WORK INSTRUCTIONS — Only one span is wanted from the lines below: from the one with "胸元にはシャーリングを施し、立体感とメリハリのあるシルエットに。" up to and including the one with "Apr 24 Drag". Copy it exactly, without images.

RECORDS SUPPLIED START

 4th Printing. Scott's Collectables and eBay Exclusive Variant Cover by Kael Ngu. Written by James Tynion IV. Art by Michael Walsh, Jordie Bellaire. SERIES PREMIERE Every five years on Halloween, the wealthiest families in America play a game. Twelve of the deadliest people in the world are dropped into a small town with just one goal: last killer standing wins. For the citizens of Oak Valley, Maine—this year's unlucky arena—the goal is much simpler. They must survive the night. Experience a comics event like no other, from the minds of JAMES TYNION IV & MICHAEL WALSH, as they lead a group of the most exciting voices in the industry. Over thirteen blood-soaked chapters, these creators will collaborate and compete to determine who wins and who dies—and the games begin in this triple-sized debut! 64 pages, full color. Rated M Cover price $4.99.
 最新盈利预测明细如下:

RECORDS SUPPLIED END
RECORDS SUPPLIED START

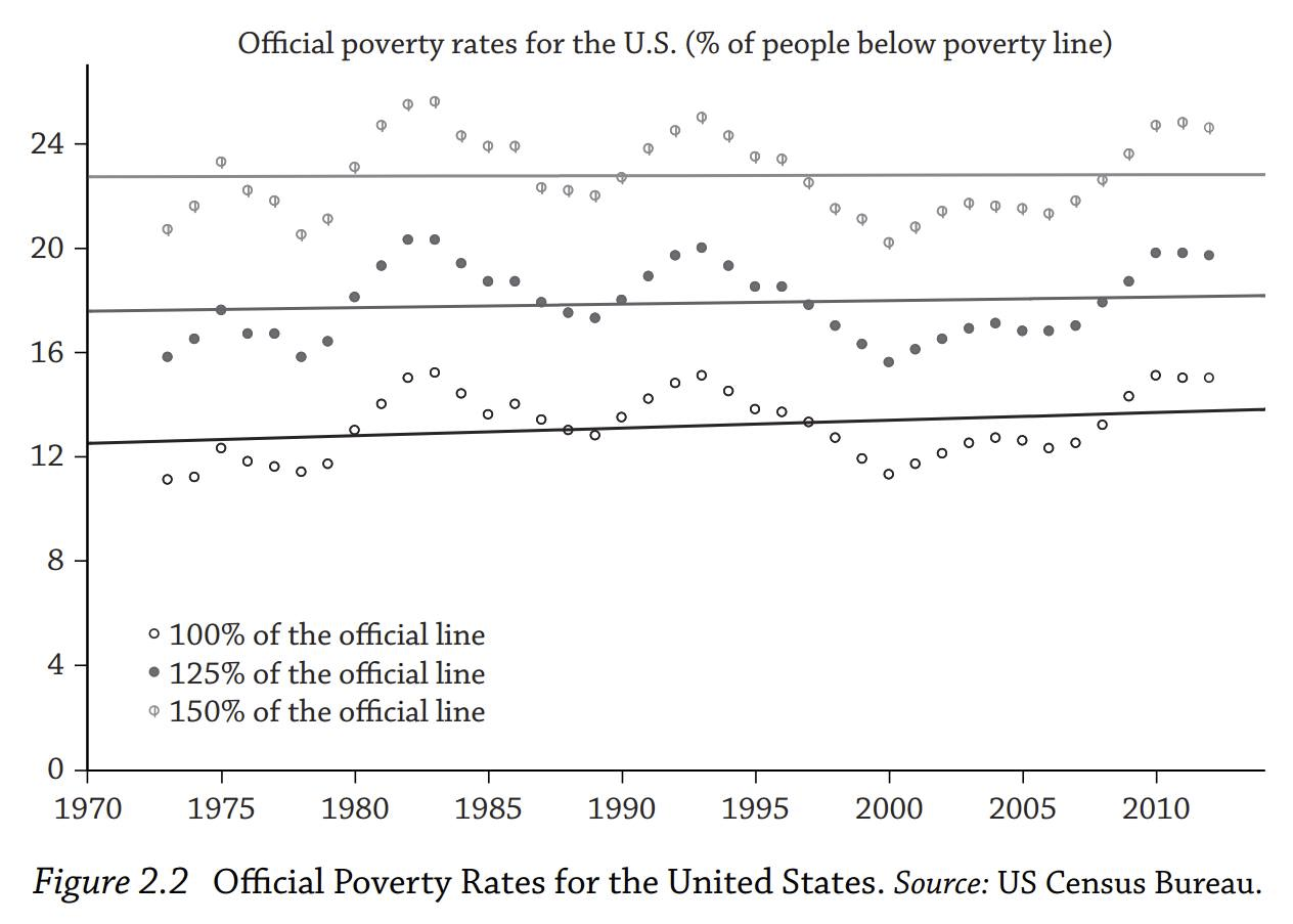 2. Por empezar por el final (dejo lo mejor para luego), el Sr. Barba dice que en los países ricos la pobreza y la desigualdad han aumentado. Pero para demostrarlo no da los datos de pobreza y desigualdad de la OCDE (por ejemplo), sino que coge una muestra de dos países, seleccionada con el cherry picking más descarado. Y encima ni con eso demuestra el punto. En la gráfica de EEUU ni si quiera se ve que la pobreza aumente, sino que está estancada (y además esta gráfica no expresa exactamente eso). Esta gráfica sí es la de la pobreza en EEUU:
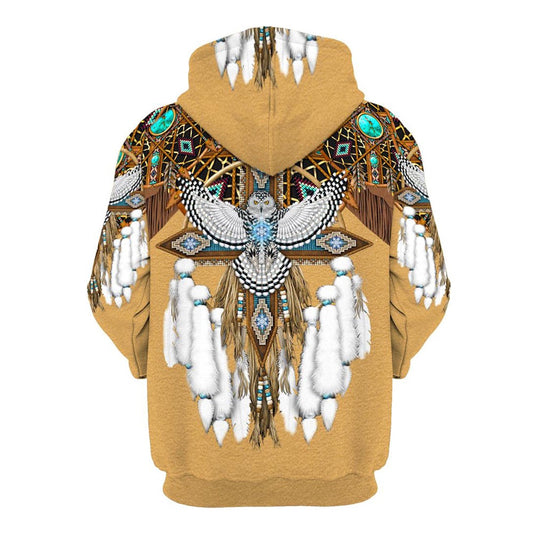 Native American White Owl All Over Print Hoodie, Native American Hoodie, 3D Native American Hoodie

RECORDS SUPPLIED END
RECORDS SUPPLIED START

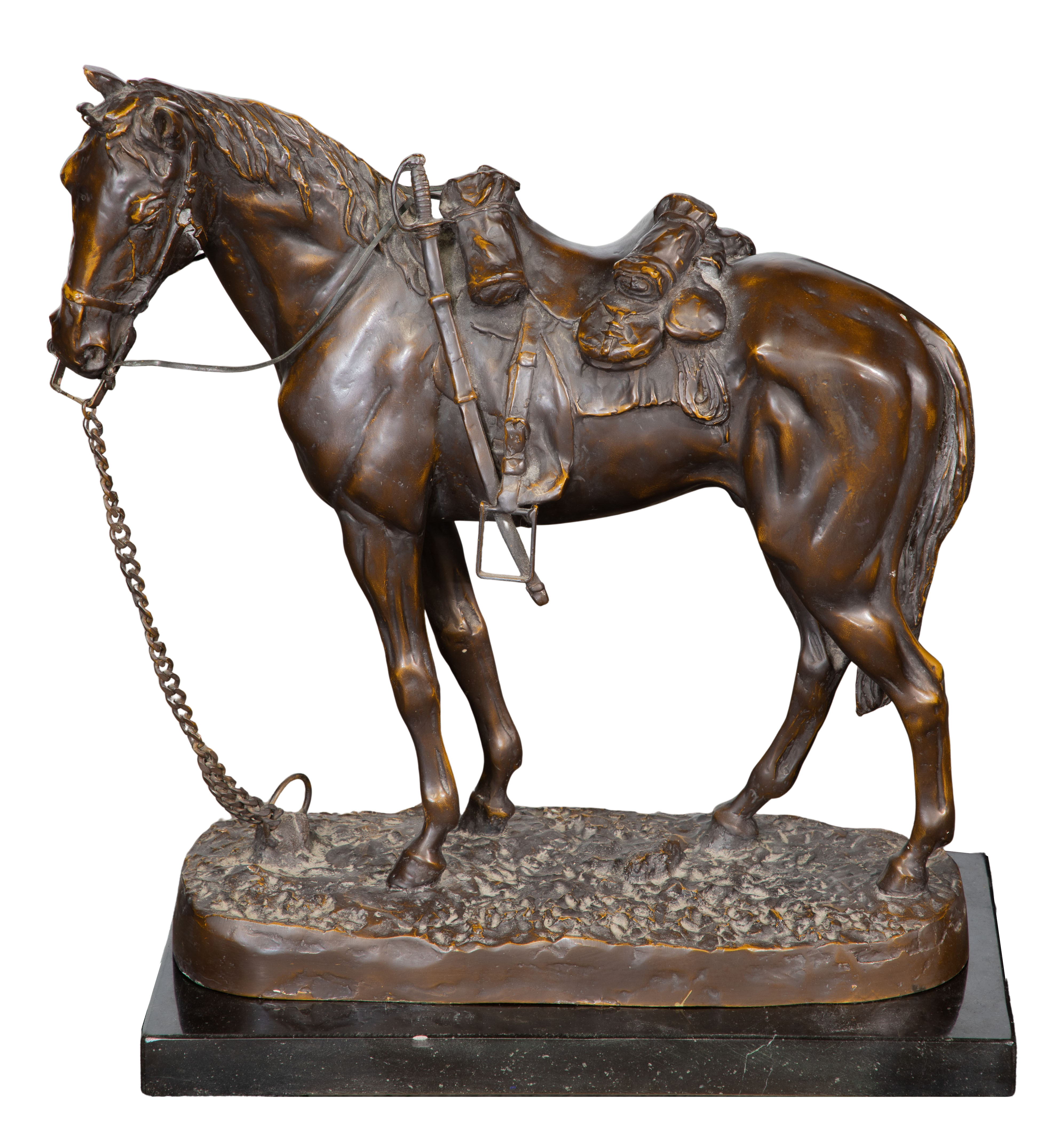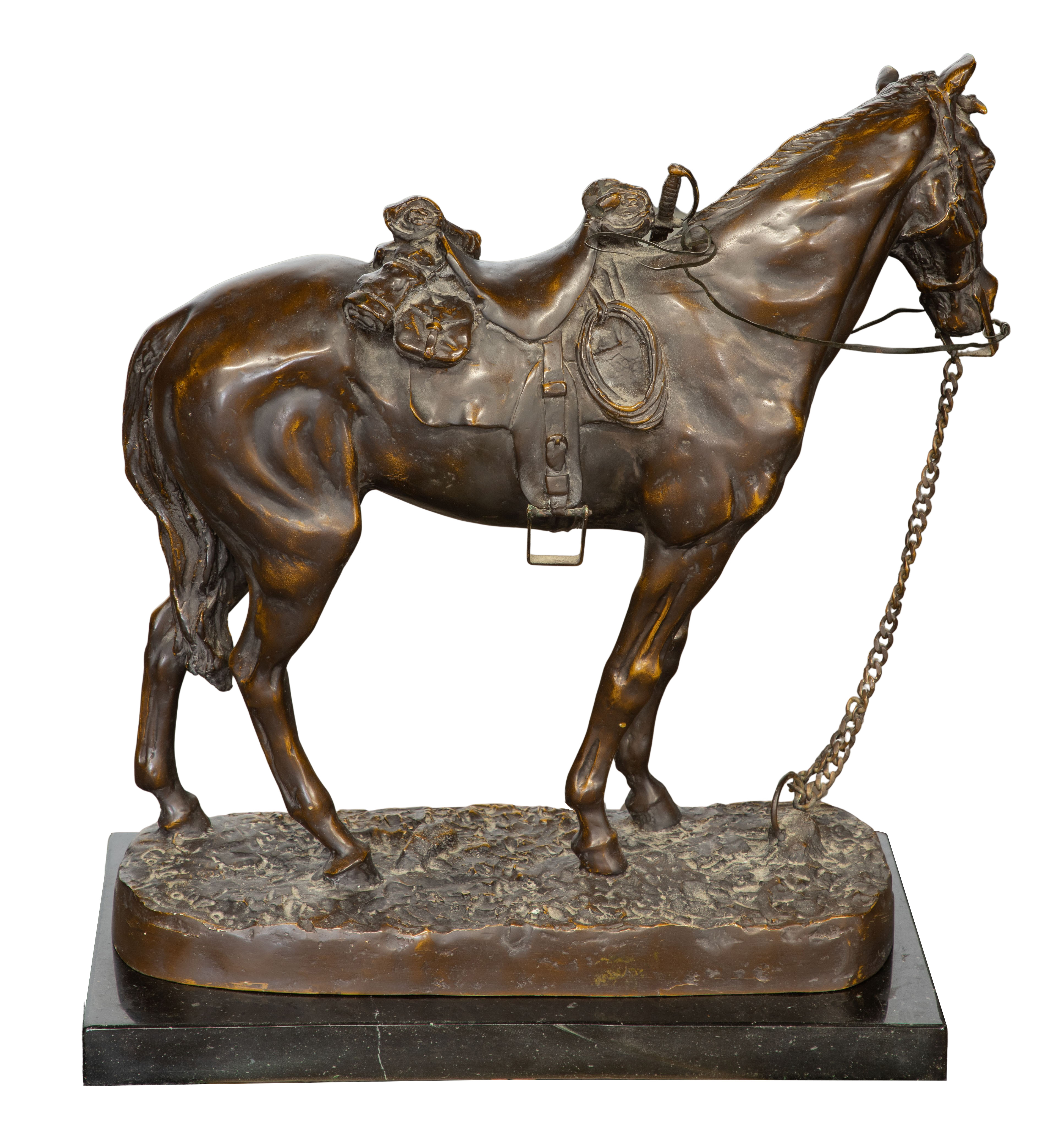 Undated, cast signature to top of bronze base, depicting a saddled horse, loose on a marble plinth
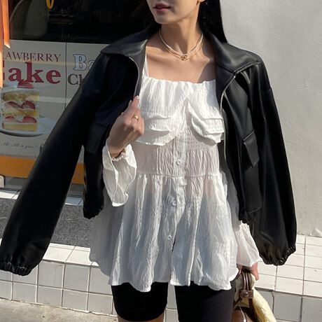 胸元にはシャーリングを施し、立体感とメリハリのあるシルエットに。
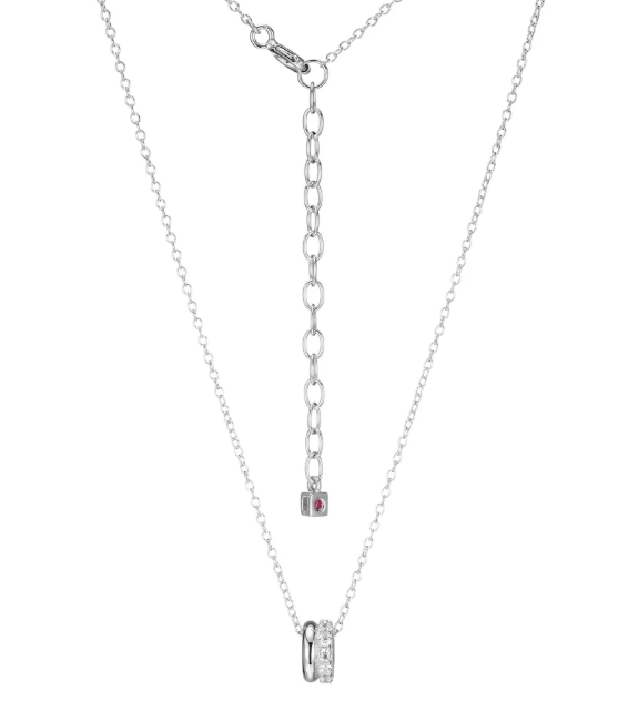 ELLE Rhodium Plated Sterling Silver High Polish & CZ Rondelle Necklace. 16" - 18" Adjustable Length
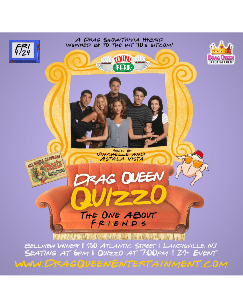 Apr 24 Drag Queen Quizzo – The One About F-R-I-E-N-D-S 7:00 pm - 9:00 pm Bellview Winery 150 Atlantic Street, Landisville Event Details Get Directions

RECORDS SUPPLIED END

EXERCISE SOLUTION —
 胸元にはシャーリングを施し、立体感とメリハリのあるシルエットに。
 ELLE Rhodium Plated Sterling Silver High Polish & CZ Rondelle Necklace. 16" - 18" Adjustable Length
 Apr 24 Drag Queen Quizzo – The One About F-R-I-E-N-D-S 7:00 pm - 9:00 pm Bellview Winery 150 Atlantic Street, Landisville Event Details Get Directions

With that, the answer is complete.